> [What the task requires] Please give the entries again in full and exactly, without any picture.

> [Given entries]
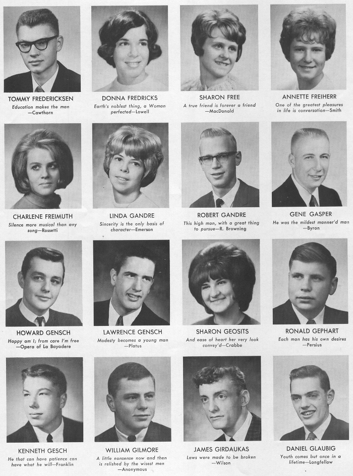 1965 Sheboygan South High School, Page 34: Tommy Fredericksen, Donna Fredricks, Sharon Free, Annette Freiherr, Charlene Freimuth, Linda Gandre, Robert Gandre, Gene Gasper, Howard Gensch, Lawrence Gensch, Sharon Geosits, Ronald Gephart, Kenneth Gesch, William Gilmore, James Girdaukas, Daniel Glaubig.
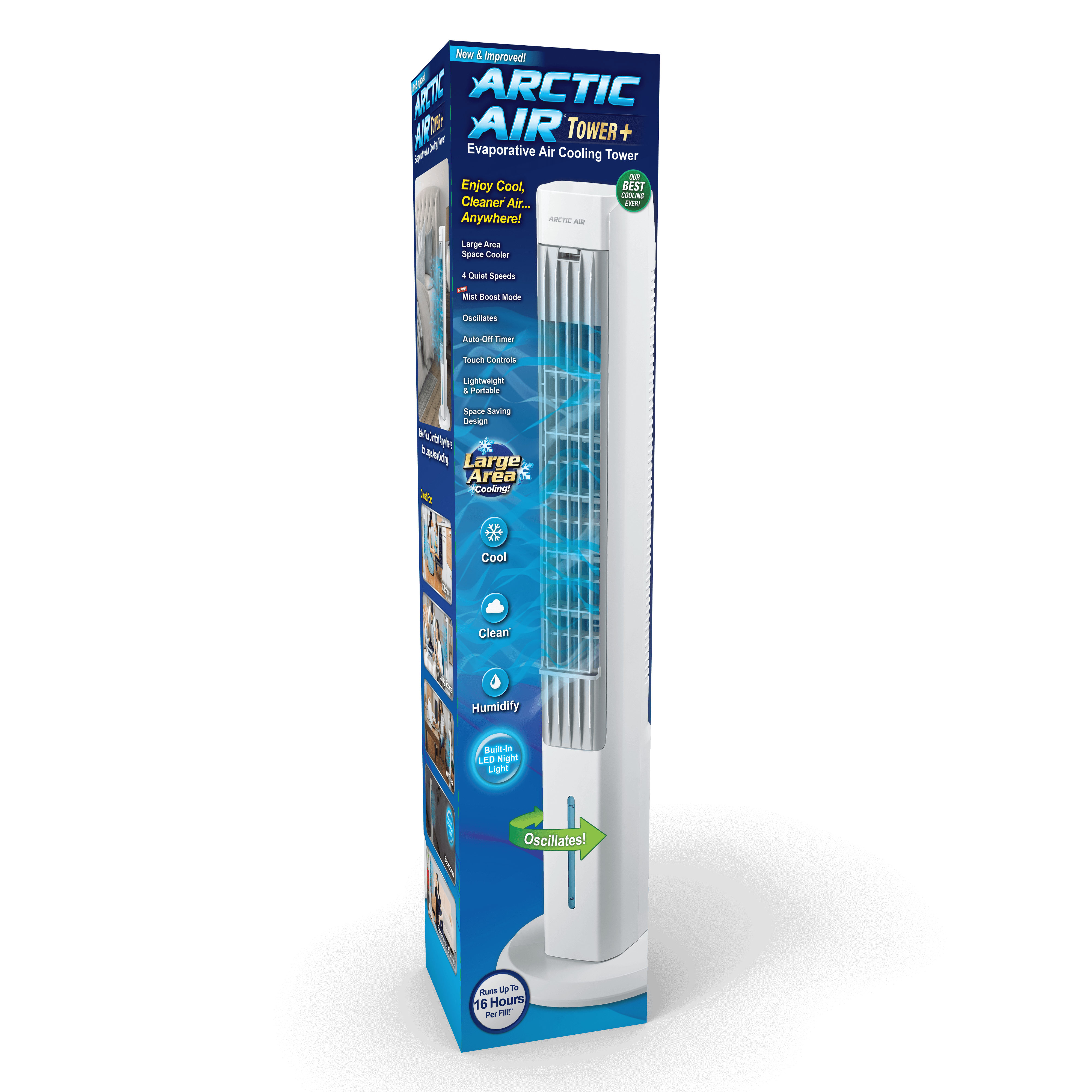 Arctic Air® Tower + is the evaporative air-cooling tower that helps cool and humidify any space! So you can be comfortable virtually anywhere, designed for larger area cooling!
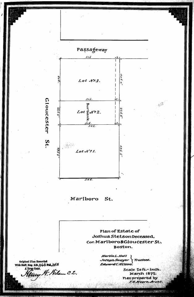 Deed 1144-268 (1872 Plan – 3-5-7 Glou) ← Previous Plot plan of 3-5-7 Gloucester, Suffolk Co. Deed Registry, Book 1144, p. 268 (Mar1872)
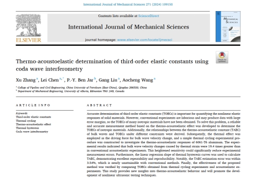 近日,我院油气储运工程学科博士研究生张旭在导波结构健康监测方面取得重要进展,相关研究成果《材料三阶弹性常数的热致声弹性测定方法》(Thermo-acoustoelastic determination of third-order elastic constants using coda wave interferometry)发表在《International Journal of Mechanical Sciences》。《International Journal of Mechanical Sciences》是机械工程领域的国际顶级期刊,目前影响因子为7.3(SCI一区Top)。论文第一作者为博士研究生张旭,通讯作者为陈雷教授,合作作者包括刘刚教授和P.-Y. Ben Jar教授(加拿大阿尔伯塔大学),ok138cn太阳集团为第一署名单位和唯一通讯单位。
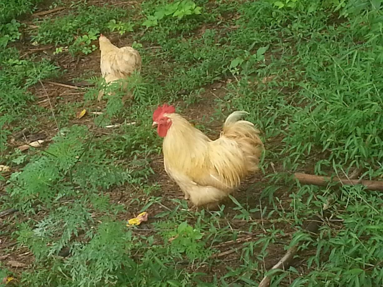 Here is a picture of my rooster that was killed. The hen in the background was also killed and is actually the mama to the chicks. The hen that is sitting had actually quit laying by the time I put eggs under her.
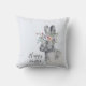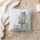 Pretty Spring thème de lancer oreiller a gray aquarelle lapin avec illustration de couronne florale et personnalisable Happy texte de Pâques sur pastel bleu arrière - plan
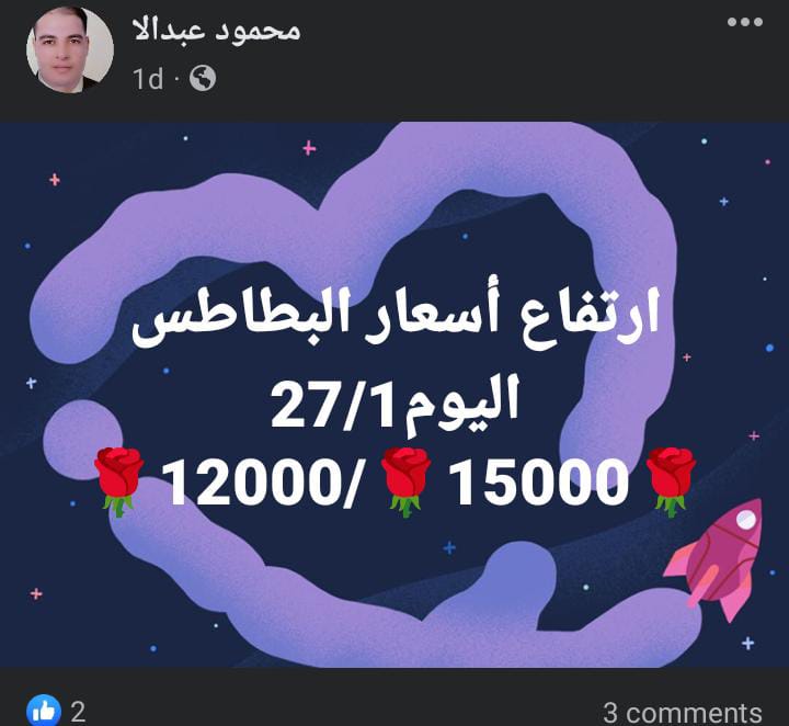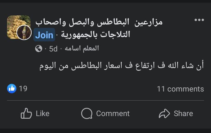 بينما نشر حساب أخر علي إحدي المجموعات تدعي بـ “مزارعين البطاطس والبصل واصحاب الثلاجات بالجمهورية “ قائلا: إن شاء الله في ارتفاع في البطاطس اليوم

> [Task output]
 1965 Sheboygan South High School, Page 34: Tommy Fredericksen, Donna Fredricks, Sharon Free, Annette Freiherr, Charlene Freimuth, Linda Gandre, Robert Gandre, Gene Gasper, Howard Gensch, Lawrence Gensch, Sharon Geosits, Ronald Gephart, Kenneth Gesch, William Gilmore, James Girdaukas, Daniel Glaubig.
 Arctic Air® Tower + is the evaporative air-cooling tower that helps cool and humidify any space! So you can be comfortable virtually anywhere, designed for larger area cooling!
 Deed 1144-268 (1872 Plan – 3-5-7 Glou) ← Previous Plot plan of 3-5-7 Gloucester, Suffolk Co. Deed Registry, Book 1144, p. 268 (Mar1872)
 近日,我院油气储运工程学科博士研究生张旭在导波结构健康监测方面取得重要进展,相关研究成果《材料三阶弹性常数的热致声弹性测定方法》(Thermo-acoustoelastic determination of third-order elastic constants using coda wave interferometry)发表在《International Journal of Mechanical Sciences》。《International Journal of Mechanical Sciences》是机械工程领域的国际顶级期刊,目前影响因子为7.3(SCI一区Top)。论文第一作者为博士研究生张旭,通讯作者为陈雷教授,合作作者包括刘刚教授和P.-Y. Ben Jar教授(加拿大阿尔伯塔大学),ok138cn太阳集团为第一署名单位和唯一通讯单位。
 Here is a picture of my rooster that was killed. The hen in the background was also killed and is actually the mama to the chicks. The hen that is sitting had actually quit laying by the time I put eggs under her.
 Pretty Spring thème de lancer oreiller a gray aquarelle lapin avec illustration de couronne florale et personnalisable Happy texte de Pâques sur pastel bleu arrière - plan
 بينما نشر حساب أخر علي إحدي المجموعات تدعي بـ “مزارعين البطاطس والبصل واصحاب الثلاجات بالجمهورية “ قائلا: إن شاء الله في ارتفاع في البطاطس اليوم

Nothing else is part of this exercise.